AT&T has a special place in my heart.

One of my clients is a small business with its own domain name and several users receiving POP3 mail addressed to that domain name – gertrude@businessname.com, for example.

The business has an AT&T DSL line.

A couple of months ago, they started having trouble sending mail – AT&T’s SMTP server refused to take outgoing messages from Outlook.

Eventually we discovered that AT&T had sent this message a few months earlier, warning that its SMTP servers would only accept outgoing messages on an AT&T DSL line if certain conditions were met.

The first condition wasn’t terribly unusual – Outlook had to be set up to authenticate itself to the SMTP server with an AT&T account – an email address and password. The business had set one up as part of the DSL account (businessname@pacbell.net) and we were able to dig that information out.

attoutlook But wait! There’s more! The outgoing mail also had to be set up as an SSL connection for additional security, on a non-standard port. You know, the settings in Outlook under Tools / Account Settings / Change / More Settings / Advanced – surely you’ve been there? Yeah, right.

I sympathize with the difficulty for ISPs of dealing with an unimaginable amount of spam, but this is a terrible, unforgivable thing to do to people.

We were able to get the mail flowing again for a couple of months.

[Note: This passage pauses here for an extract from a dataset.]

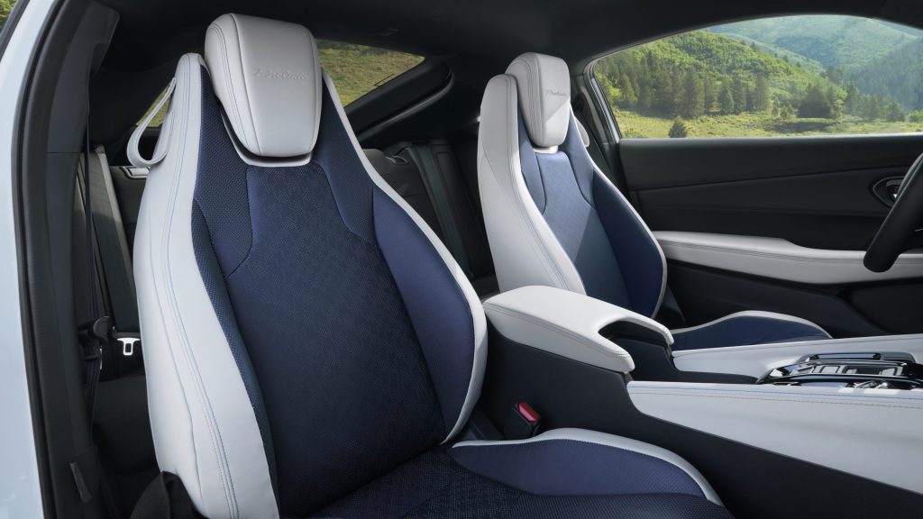 The Prelude interior mixes racing-inspired touches with luxury accents

It stopped again with no warning.

I’ve spent more than two hours and although I found a workaround, I’m still pretty horrified at what appears to be going on.

I tried every combination of SMTP server name, authentication on/off, SSL on/off, port 25/465, with no success. The returned messages had an unfamiliar error in them – the sender’s address was not “verified” to use the SMTP server.

AT&T and Yahoo have set up an extraordinary labyrinth of conflicting sites to log in with a @pacbell.net account. Eventually I found the Yahoo login page and was able to get to Member Center / My Account & Billing, where there was a reference to “Alternate email addresses.”

“Your alternate email address is an address you can add to your AT&T Yahoo! account for use with a variety of products and services across the AT&T Yahoo! network. An alternate email address can be used any time you don’t want to use your AT&T Yahoo! member ID for a particular function.”

Great! Put in the business email addresses, respond to an email confirmation, and the addresses showed up as “Verified.” Problem solved!

Not. Outgoing mail was rejected just as firmly. I kept typing test messages and pushing “Send” over and over, because I couldn’t think of anything else to do.

I located an ominous sentence in an AT&T support document

“Please make sure that you have entered your AT&T Yahoo! Business Email address as the “From” address in your email client. You will not be able to send mail if you have entered another address.”

If I read it correctly, that support document only applies to people using an “AT&T Yahoo! Business Email address,” whatever that might be.

attoutlook2But on a hunch, I went back to the account settings in Outlook and entered the @pacbell.net email address on the first screen for a POP3 account.

Outgoing mail immediately started flowing. And every outgoing message shows the sender is businessname@pacbell.net, from every computer onsite.

I spent more time and got nowhere. I thought about the horror of calling AT&T for technical support on an issue like this and put the idea out of my head. We may get to that point but my hourly rate becomes a very real consideration for this kind of headache.

And that’s where things stand. Somewhere there’s an answer. It can’t be the case that a business cannot send email using its own domain name on an AT&T DSL line – but, well, that’s where it stands.

By coincidence, Susan Bradley complained recently about changes AT&T has made to her incoming mail at an @pacbell.net address that make the account virtually unusable.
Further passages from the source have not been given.